I been reading on a site about isolation and coupling and decoupling , spikes w/o dampeners , wooden blaocks under amps.. I have a concrete floors w large throw rugs. I use spikes under my speakers and racks with dampeners, is this or what


----------



## tonyvdb (Sep 5, 2007)

Decoupling speakers from the floor is a good idea if its a wood floor however concrete it makes no difference really.
Decoupling amps and other items is a bunch of snake oil unless its a tube amp or turntable. Back in the day 30+ years ago vibration from the amps power supplies could cause interference with other components however with the advancements in technology and everything going away from analog this is moot. the only advantage these "spacers" can have is giving better airflow between components.


----------



## pxj (Jun 10, 2011)

That's what I was thinking.. I tried all kinds of things and to my ears I couldn't tell the difference. I stuck with the spikes and dampers , the dampers because the wife didn't want spike marks in the tile.


----------



## tonyvdb (Sep 5, 2007)

A set of used hockey pucks are far cheaper and will active the same thing as well


----------



## pxj (Jun 10, 2011)

Interesting never thought of that, but since we have NO hockey stuff in my town, had the dampers.

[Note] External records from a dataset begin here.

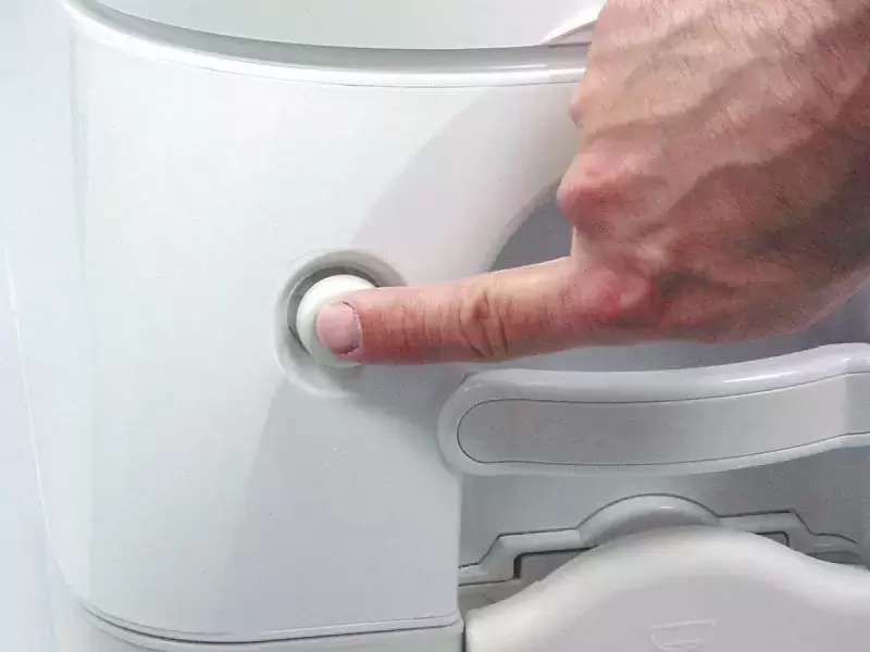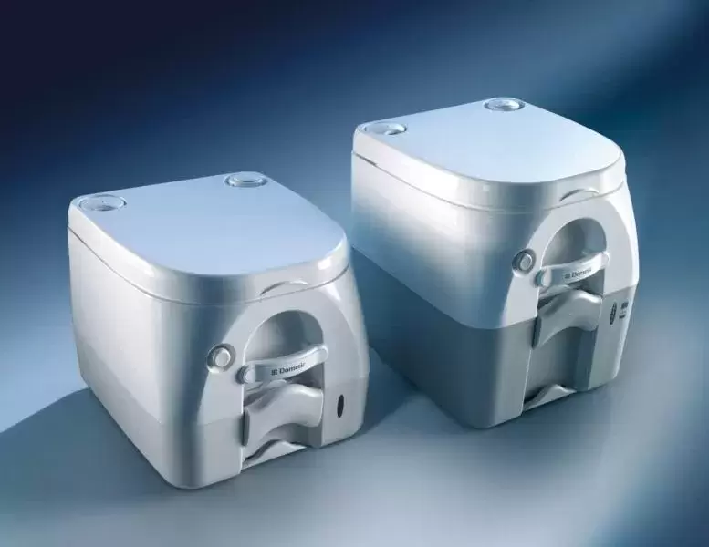 Toilette portable pour le camping 972 Dometic. par un simple bouton-poussoir, une efficacité de pompage accrue grâce à une forte pression de rinçage, jusqu'à 27 rinçages avec un seul remplissage, une vidange sans éclaboussures, une protection anti-débordement sur un petit volume d'eau douce / 8,7 l et un volume d'eau usée supérieur à 9,8 L et est composé de ABS et belle finition brillante.
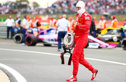 Ferrari driver Sebastian Vettel leaves his car after the British Formula One Grand Prix at the Silverstone racetrack in England on July 14. Photo: VCG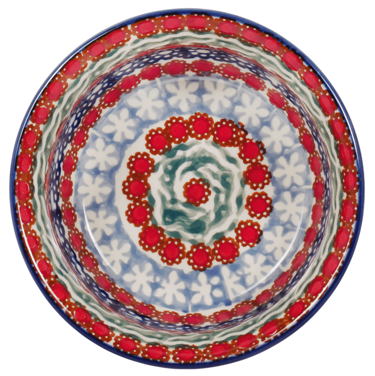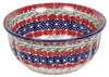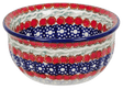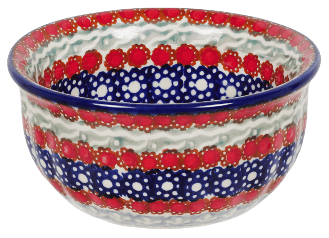 Dive into the vibrant world of Polish pottery with this charming 4.5" bowl from Manufaktura, featuring the stunning "Fanfare" pattern. Not just any ordinary bowl, this piece is a canvas of geometric beauty, painted with meticulous care in the bustling workshops of Boleslawiec, Poland. The "Fanfare" pattern is a symphony of colors—bold reds, soothing teals, and deep blues dance around a playful arrangement of simple floral designs. Perfect for holding dips or condiments, this bowl turns every meal into a festive occasion, inviting smiles and compliments from guests.
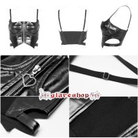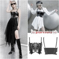 光沢があり、レザー生地を使用したタイトバージョンのキャミソールが登場!前部は視覚的にウエスト周囲を狭く見せるデザインとなっており、側面には部分的な中空があり、中空のディテールの感覚を高めています。さらに、フロントセンターにはメタルジッパーが施されています。洗練されたデザインと光沢があるPU生地が組み合わさったこのキャミソールは、ゴスロリやヴィジュアル系、モード系など様々なコーディネートにぴったりです。パンクスやコスプレイヤーの方にもおすすめです。
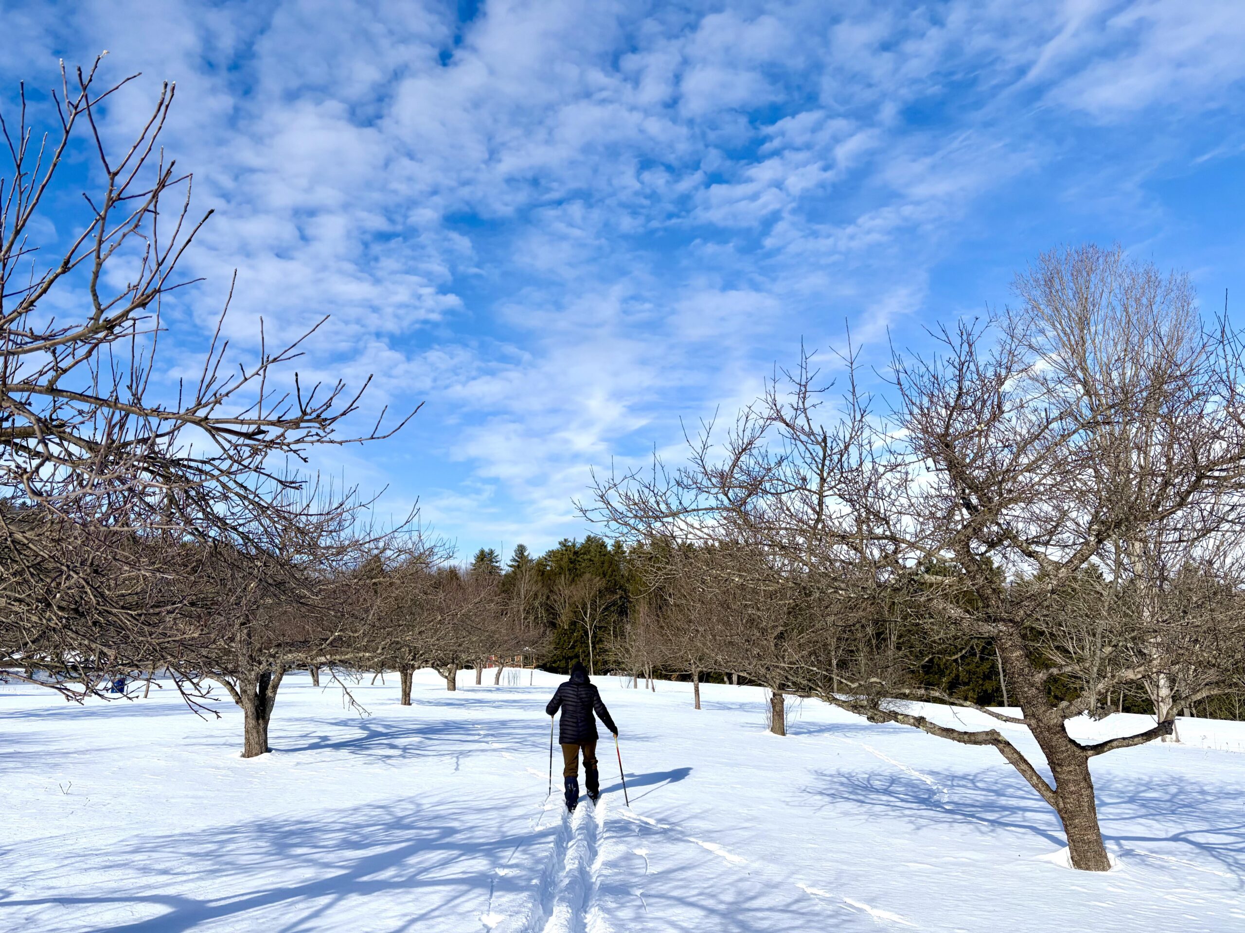 We surveyed our no spray orchard today on skis to plan our annual pruning which will start as soon as some of the snow melts (usually in late March) . We have 2 dozen trees , apples, peaches, and pears all grown on standard root stock. It’s a ritual I look forward to. We are still enjoying lasts years apples stored at 34 degrees F.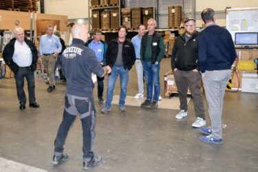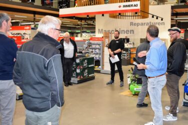 In fünf Gruppen erhielten die Teilnehmenden anschliessend einen umfassenden Einblick in die Räumlichkeiten der Immer AG. Mit 4’000 Regalmetern Lagerfläche, einer Logistik mit eigenem Lieferservice und einem spezialisierten Reparaturservice zeigt das Unternehmen, wie eine praxisorientierte Unterstützung für das Handwerk aussieht. Die Teilnehmenden lernten, dass Kunden bei der Immer AG defekte Maschinen direkt den Fahrern übergeben können, die diese unkompliziert zur Reparatur zurückbringen – ein praktisches und zeitsparendes Angebot.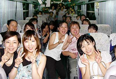コンクールの帰りのバスの車中で喜びにわく三条市吹奏楽団団員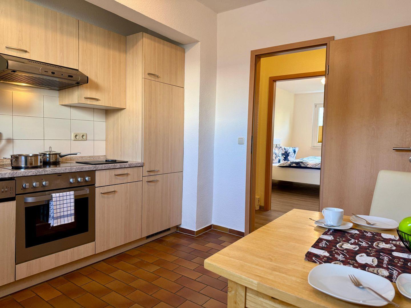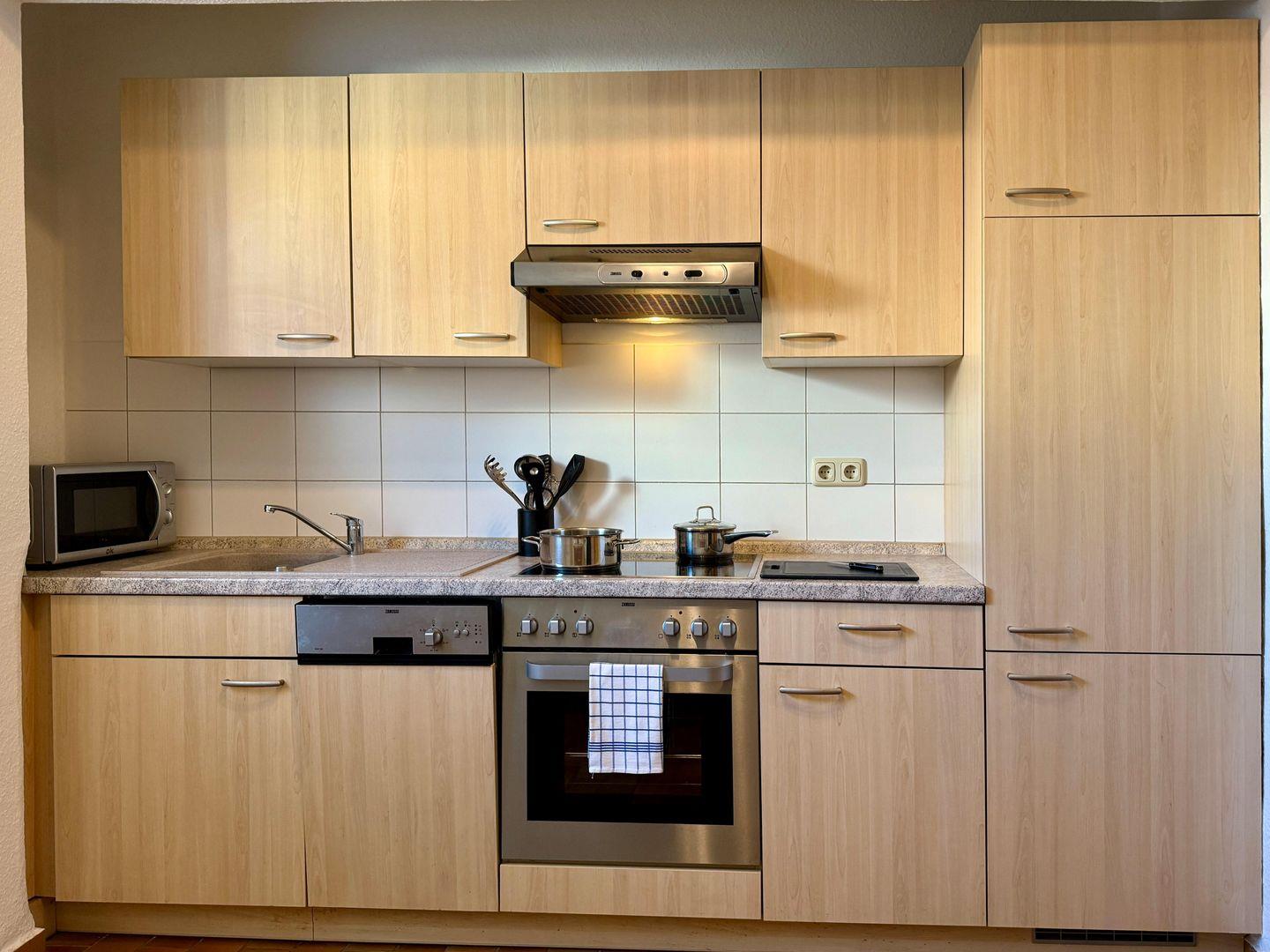 Die abgeschlossene Küche ist vollständig für Selbstversorger ausgestattet und bietet Ihnen einen 4-Platten-Herd, einen Backofen, eine Spülmaschine, Kühlschrank, Kaffeemaschine, Mikrowelle und Wasserkocher. Somit lassen sich hier sowohl kleine Snacks als auch aufwendige Menüs komfortabel zubereiten. Die funktionale Einrichtung wird durch praktische Haushaltshelfer wie Bügeleisen, Bügelbrett, Wäscheständer und eine eigene Waschmaschine ergänzt.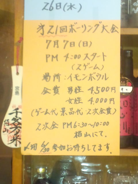 久し振りにボーリング大会です。二次会、景品あります。参加者連絡下さい。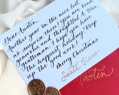 5 out of 5 starsThese Santa letters were the perfect magical touch for my kids! They were so excited to read Santa’s letter with the shimmery gold ink, the “fancy” letters, and the personal message. Caitlin did a beautiful job accompanied with the best customer service. The quality of her product was outstanding and I look forward to ordering from her again next year.

I hear of of this stuff about wooden blocks under turntables, amps. The way I look at it, if a person actually purchased this stuff they will defend it to the bitter end...


----------



## tonyvdb (Sep 5, 2007)

Particularly what they charge for them. :spend:


----------



## NBPk402 (Feb 21, 2012)

If you want to try spikes... Just put a penny under them so you don't scratch the floor. As it was said above Tube amps, and turntables are the areas you will mainly see a dif. I used to run Spikes under my speakers... I heard no dif but it did keep them in the spot I put them. You can make your own spikes out of a piecs of threaded rod and a couple of nuts... Just grind a point onto the end.


----------



## Wardsweb (Apr 2, 2010)

A lot has to do with what you are trying to achieve and what kind of resolution your system has. Are you trying to stop the mechanical transfer of energy from leaving a piece of gear or entering it? Are you having an issue with a piece of gear resonating and affecting it's own playback? Each problem requires a different solution. So there are different things that isolate, dampen, couple and decouple your gear. Some do a combination of a couple of these. 

Over the years I have used all of these to some degree. I spike my turntable that is susceptible to picking up external vibration. For my old turntable, I built a sand box to dampen the resonance of the motor that was being picked up as rumble by the needle. I've spiked speakers to get through carpet so they actually rested on the subfloor to tighten the bass. I use spikes with layers of dampening material on my amp stands to quell microphonic tubes. 

This list goes on and on. Bottom line they can do wonders in a system. Do your research to understand what issues you are having, what is causing them, what measures are needed to counter act and then apply the counter measure. This may take some trial and error. Different material on different surfaces give different results. It is part science and part art, as we all like our music differently.


----------



## pxj (Jun 10, 2011)

When I read all of these claims about wooden bases, air suspension etc... I often wonder where in the world do these people live, on some earthquake fault, next to a railway or at the end of a international runway or do they have crazed kids that keep bumping into the audio equipment. It's crazy I tell ya and fits into marketing 101, sell it and they will come.


----------



## hyghwayman (Jan 15, 2008)

pxj said:


> I often wonder where in the world do these people live, on some earthquake fault, next to a railway or at the end of a international runway or do they have crazed kids that keep bumping into the audio equipment.


:rofl2: Enjoyed the reference to kids :T


----------